TCU finished the regular season with a 12-1 record and qualified for the four-team College Football Playoff – the first Texas team to achieve that elite status. No one – except maybe Dykes and his never-say-die Frogs – thought TCU could beat powerful Big 10 champion Michigan in the playoff semifinal. But Duggan and company tamed the Wolverines to set up Monday’s title clash with undefeated Georgia, which barely survived its own semifinal against another Big 10 powerhouse, Ohio State.

The championship game in Inglewood, California, at a stadium built on property once occupied by a racetrack where horses made a habit of outrunning their odds and rewarding bettors who favored long shots, seemed like a TCU dream come true: A movie-script showdown pitting an overwhelming favorite against an underdog who had been outrunning its odds all season long.

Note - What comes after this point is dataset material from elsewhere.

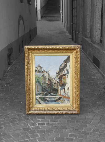 Non signé, notre tableau est une copie fidèle (jusque dans les dimensions du châssis) de l'oeuvre de Jeanmaire intitulée Vieille rue à Sion, Valais, quartier des Tanneurs (1889) et exposée au Musée d'Art et d'Histoire de Neuchâtel.

But more often than not, in football as in horse racing, long shots lose. Georgia was bigger, stronger, faster than TCU and to make matters worse, the Bulldogs had played in the glare of this spotlight before, defeating college football’s evil empire Alabama just a year ago. Georgia was  on a mission to repeat and imposed its will. There’s no way to know for sure, but it seems fair to speculate that any team finding itself in the path of the rampaging Bulldogs on Monday night would have suffered a crushing defeat.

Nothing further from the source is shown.